§ **EXERCISE DETAILS**:
This task asks for the lines from the one with "- Gold major" to the final line below, repeated exactly, with pictures omitted.
***** DATA EXCERPT *****
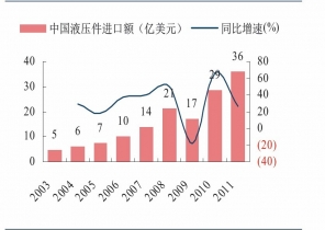 2003-2011年中國液壓件進口額及增速統(tǒng)計
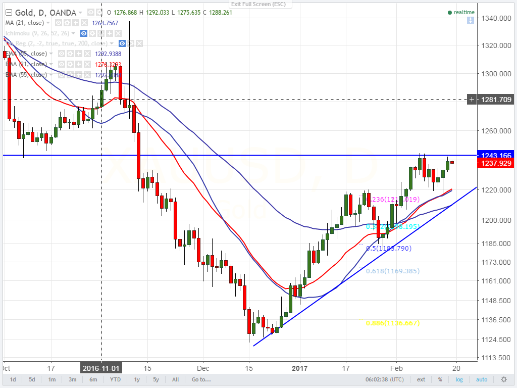 - Gold major resistance is around $1245(200- WMA) and any break above targets $1262 (200-day MA)/ $1278 (61.8% retracement of $1375 and $1122) is likely.
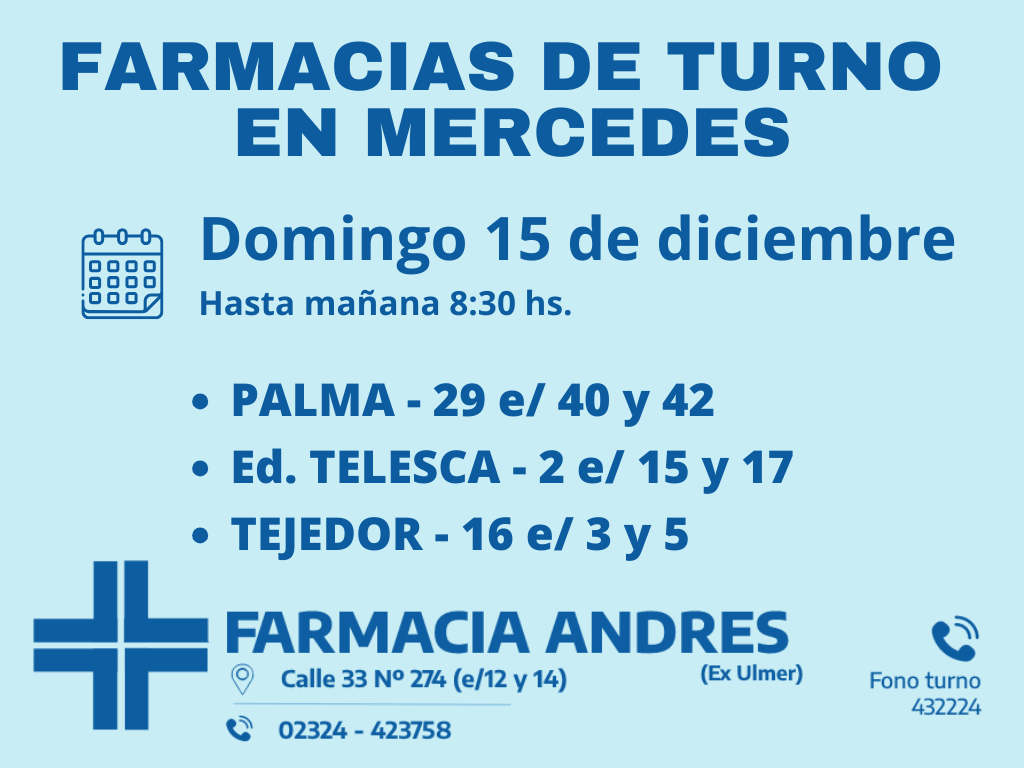 Desde las 8;30 del día de hoy hasta la misma hora de mañana, las farmacias de turno en Mercedes son: Palma, Eduardo Telesca y Tejedor.
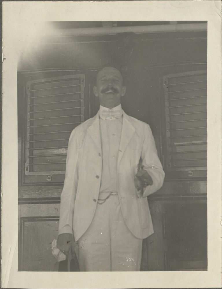 Subject: An expatriate man in white tropical suit laughs at the camera, possibly in Tabaco City in Albay Province.
*****
§ **RESPONSE TO THE TASK**:
 - Gold major resistance is around $1245(200- WMA) and any break above targets $1262 (200-day MA)/ $1278 (61.8% retracement of $1375 and $1122) is likely.
 Desde las 8;30 del día de hoy hasta la misma hora de mañana, las farmacias de turno en Mercedes son: Palma, Eduardo Telesca y Tejedor.
 Subject: An expatriate man in white tropical suit laughs at the camera, possibly in Tabaco City in Albay Province.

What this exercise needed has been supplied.